* **Supplied data**:

........

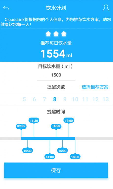 2、自定义提醒功能,可以提醒我们在规定的时间内喝水。
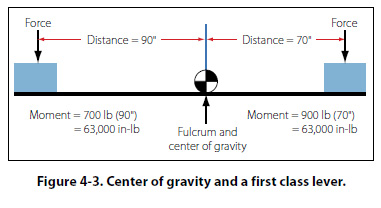 Figure 4-3 shows a first class lever with the pivot point (fulcrum) located at the center of gravity for the lever. Even though the weights on either side of the fulcrum are not equal, and the distances from each weight to the fulcrum are not equal, the product of the weights and arms (moments) are equal, and that is what produces a balanced condition. Maximum Weight The maximum weight is the maximum authorized weight of the aircraft and its contents, and is indicated in the Aircraft Specifications or Type Certificate Data Sheet. For many aircraft, there are variations to the maximum allowable weight, depending on the purpose and conditions under which the aircraft is to be flown. For example, a certain aircraft may be allowed a maximum gross weight of 2,750 lb when flown in the normal category, but when flown in the utility category, which allows for limited aerobatics, the same aircraft’s maximum allowable gross weight might only be 2,175 lb. There are other variations when dealing with the concept of maximum weight, as follows:
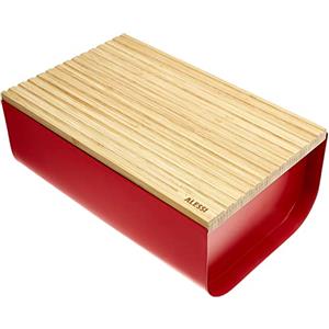 Alessi Mattina BG03R - Cassetta per Pane Rosso in Acciaio e Legno di Bambù con Tagliere Incorporato
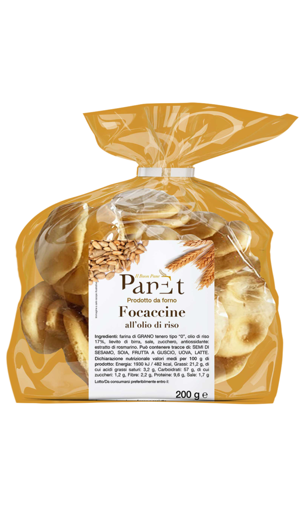 Farina di GRANO tenero tipo “0”, olio di riso 17%, lievito di birra, sale, zucchero, farina di CEREALI (FRUMENTO) maltati, antiossidante: estratto di rosmarino. Può contenere tracce di: SEMI DI SESAMO, SOIA, FRUTTA A GUSCIO, UOVA, LATTE.
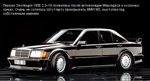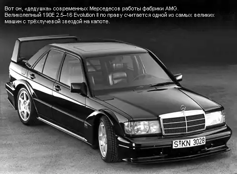 А началось всё в далёкие 70-е, когда Mercedes-Benz довольно успешно участвовал в ралли. С появлением 190-й модели в Штутгарте решили продолжить гоночные традиции и обратились к известной фирме Cosworth. Англичане помогли немцам с мотором — 2,3-литровая 16-клапанная «четвёрка» в гоночной спецификации выдавала вполне приличные 320 «лошадок».
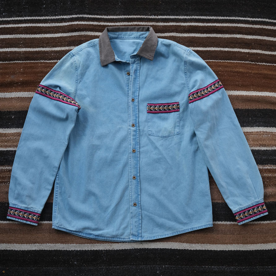 Denim Shirt Jacket - Light Wash - Corduroy Collar
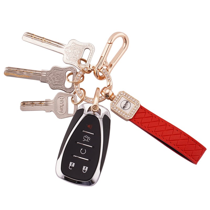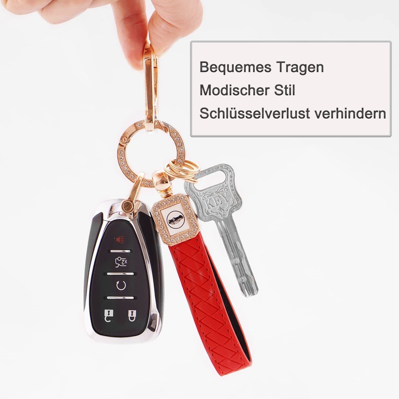 Koaudb Universal Bling Leather Car Keychain 360 Degree Rotatable with Anti-lost D-ring Key Rings Key Fob Key Chain Holder Accessories for Men and Women (Red)
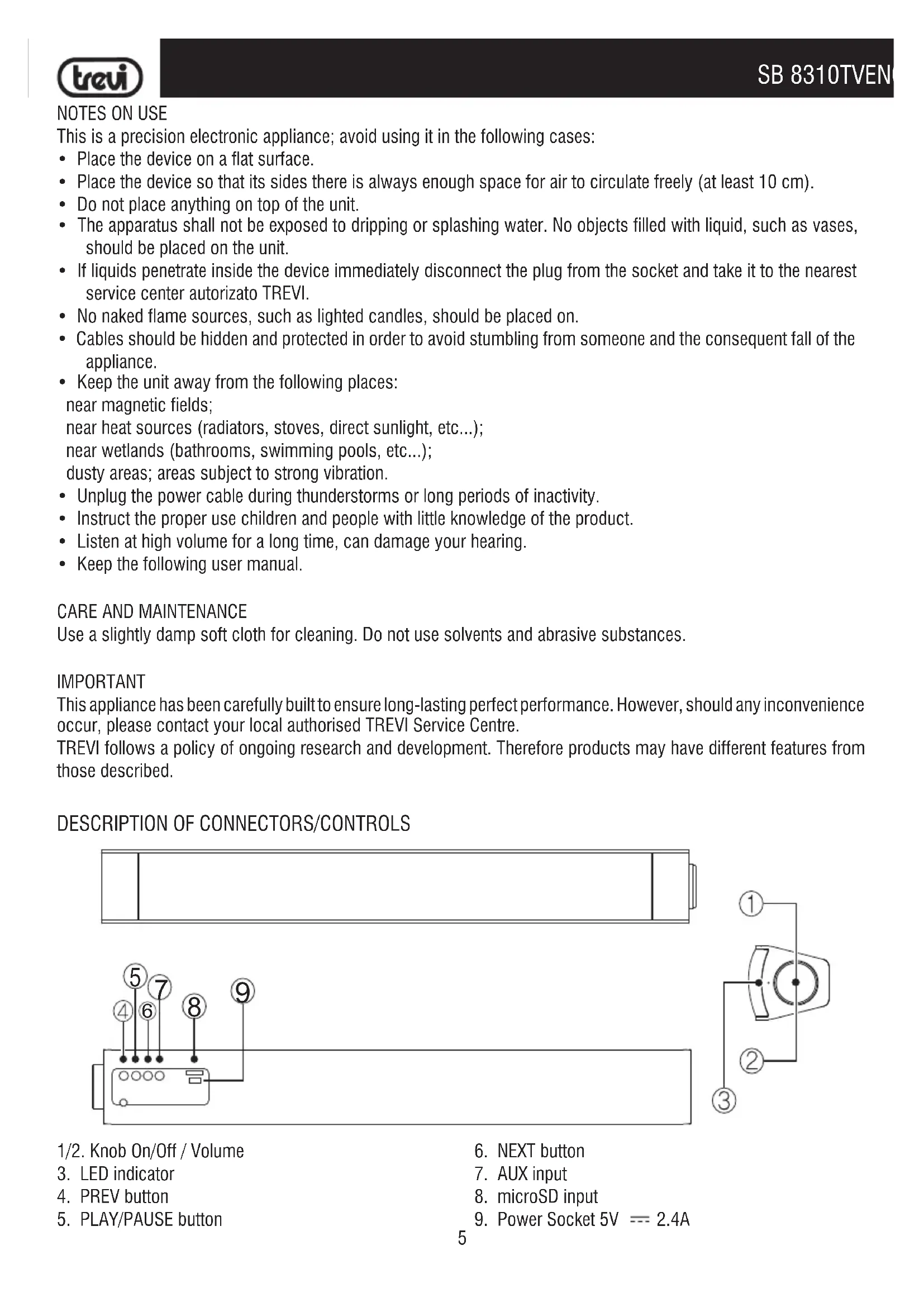 SB 8310 TV - Haut-parleur Trevi - Free user manual and instructions

........

* **Work item**: Set down the line containing "Alessi Mattina BG03R" and every line after it up to the end of the material, exactly as written, but not the pictures.

* **Solution**:
 Alessi Mattina BG03R - Cassetta per Pane Rosso in Acciaio e Legno di Bambù con Tagliere Incorporato
 Farina di GRANO tenero tipo “0”, olio di riso 17%, lievito di birra, sale, zucchero, farina di CEREALI (FRUMENTO) maltati, antiossidante: estratto di rosmarino. Può contenere tracce di: SEMI DI SESAMO, SOIA, FRUTTA A GUSCIO, UOVA, LATTE.
 А началось всё в далёкие 70-е, когда Mercedes-Benz довольно успешно участвовал в ралли. С появлением 190-й модели в Штутгарте решили продолжить гоночные традиции и обратились к известной фирме Cosworth. Англичане помогли немцам с мотором — 2,3-литровая 16-клапанная «четвёрка» в гоночной спецификации выдавала вполне приличные 320 «лошадок».
 Denim Shirt Jacket - Light Wash - Corduroy Collar
 Koaudb Universal Bling Leather Car Keychain 360 Degree Rotatable with Anti-lost D-ring Key Rings Key Fob Key Chain Holder Accessories for Men and Women (Red)
 SB 8310 TV - Haut-parleur Trevi - Free user manual and instructions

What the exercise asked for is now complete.